A plane electromagnetic wave of frequency ${\text{25 M Hz}}$ travels in free space along the x-direction. At a particular point in space and time, $E = 6.3j{\text{ }}V/m.$ What is \[B\] at this point?

Answer 1

Hint: In this question, we have been provided with the value and direction of the electric field. Using this information we can calculate the value of the magnetic field. In order to do so, employ the formula containing the relation between electric field, magnetic field and the speed of light. By using proper units and substituting the values in the equation, we can easily decipher the answer.

Complete step by step solution:
The electric field and magnetic field are always perpendicular to each other. Hence, since the wave is travelling in the x-direction and the electric field is along the y-direction, the magnetic field will be along the z-direction.
This can be clearly understood from the diagram given below.
As mentioned in the question the wave is travelling along the x-direction. Also, the electric field is in the y-direction (j unit vector is mentioned in the question). Therefore combining the given information and that the electric field and magnetic field are always perpendicular to each other, we can determine the magnetic field to be along the z-direction.
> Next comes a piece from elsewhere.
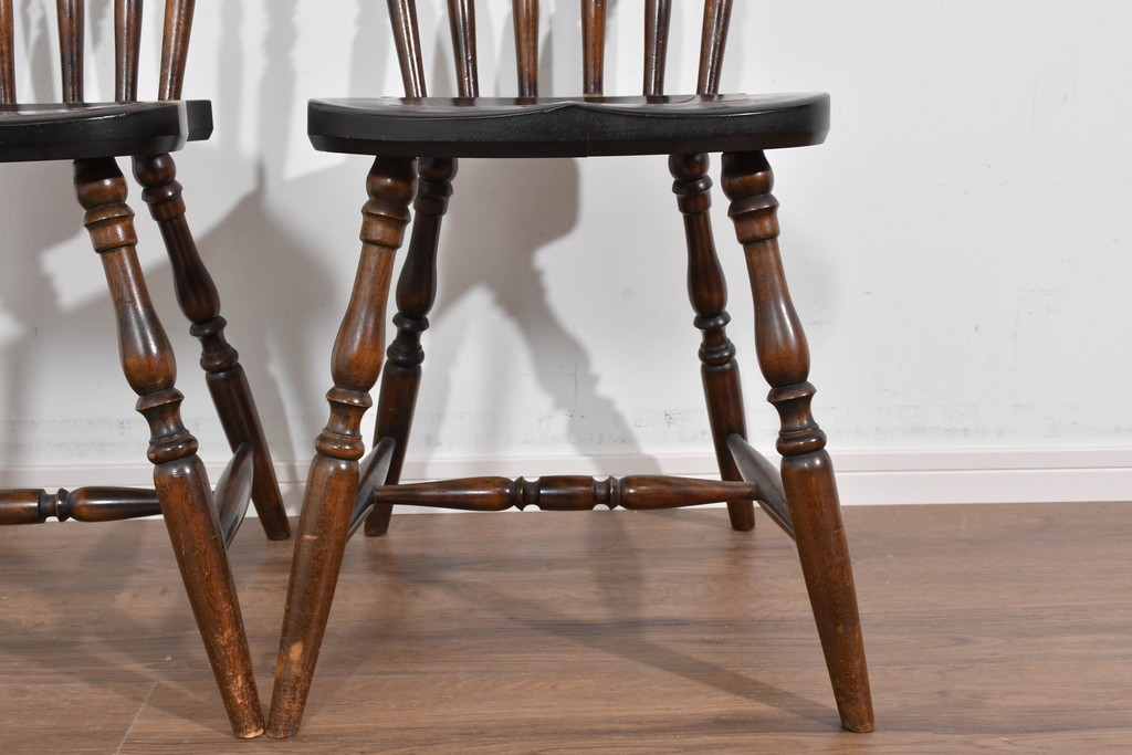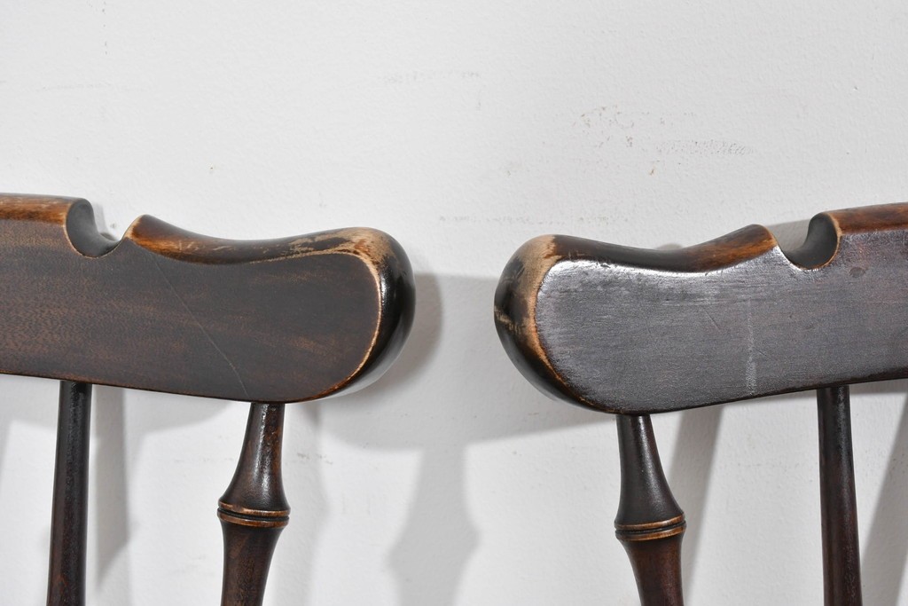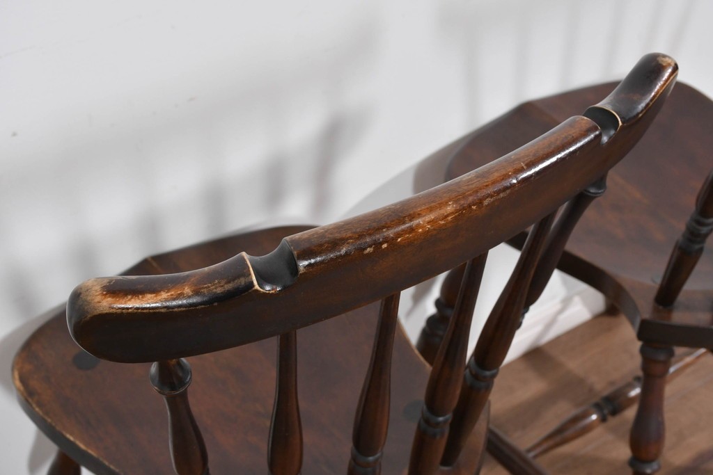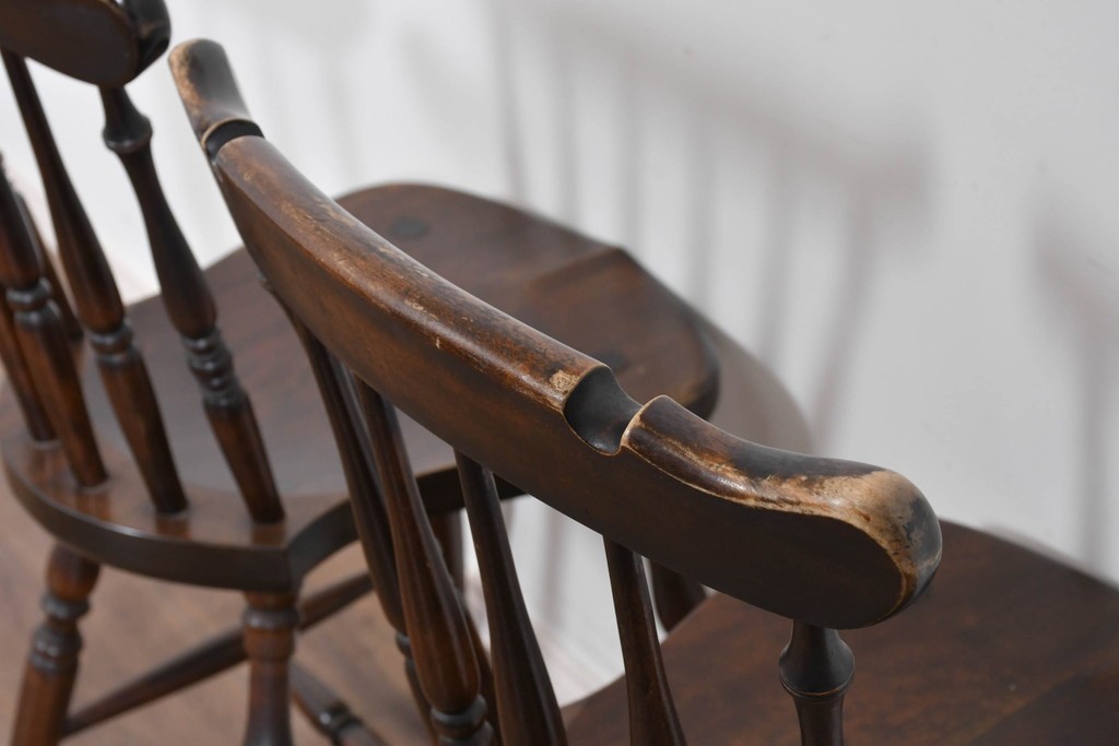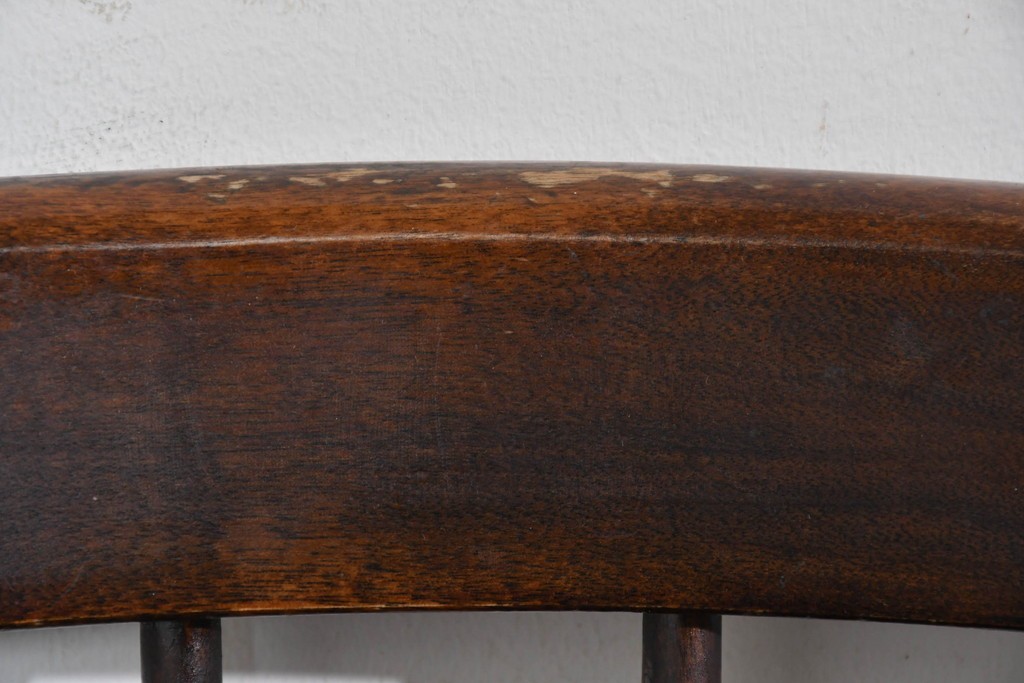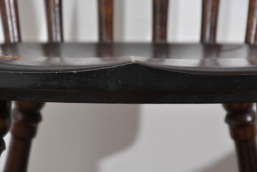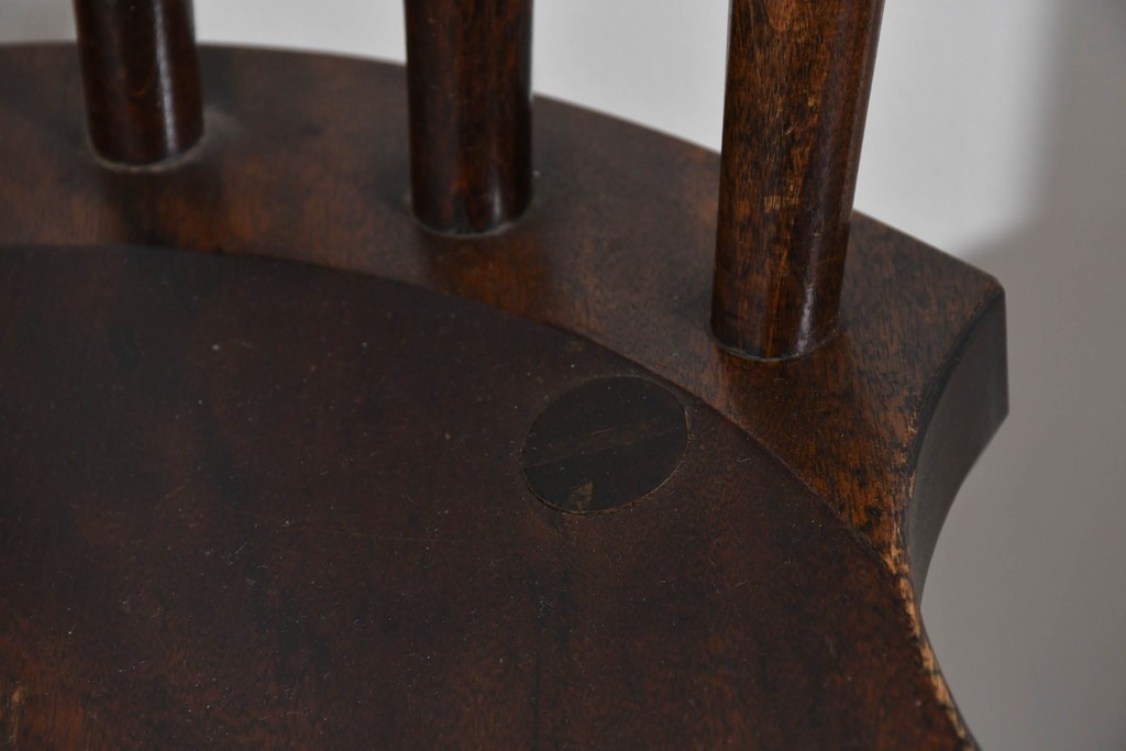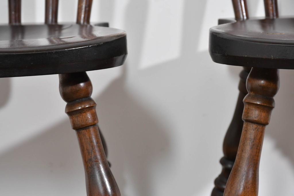 背もたれや脚部に施された挽物意匠が特徴で、民芸家具らしい温かみと存在感を感じられる一脚です。

To solve the problem using the relation between the magnetic field, electric field, and speed of light. The relation is given by,
${\text{B = }}\dfrac{{\text{E}}}{{\text{c}}}$
Where B is the magnetic field, E is the electric field and c is the speed of light.
The given information is mentioned below
The frequency of the electromagnetic wave is equal to ${\text{25 MHz}}$
Electric field, ${E_y} = 6.3{\text{ V/m}}$
Speed of light, $c = 3 \times {10^8}{\text{ m/s}}$
We have to determine the value of the magnetic field at this point.
Therefore we get,
${{\text{B}}_z}{\text{ = }}\dfrac{{\text{E}}}{{\text{c}}}$
$ \Rightarrow {{\text{B}}_z}{\text{ = }}\dfrac{{6.3{\text{ V/m}}}}{{3 \times {{10}^8}{\text{ m/s}}}}$
$ \Rightarrow {{\text{B}}_z}{\text{ = }}2.1 \times {10^{ - 8}}T$
We know that ${10^{ - 6}}T = 1\mu T$
Therefore we get, ${{\text{B}}_z}{\text{ = 0}}{\text{.021}} \times \mu T$
The value of the magnetic field in the z-direction is ${{\text{B}}_z}{\text{ = 0}}{\text{.021}} \times \mu T$

Note:
Using the relation between electric field, magnetic field, and the speed of light we have been able to calculate the value of the magnetic field. The direction of the magnetic field was determined by using the knowledge that the electric field and magnetic field are always perpendicular to each other. Another important note is that not all values mentioned in the question need to be taken into consideration.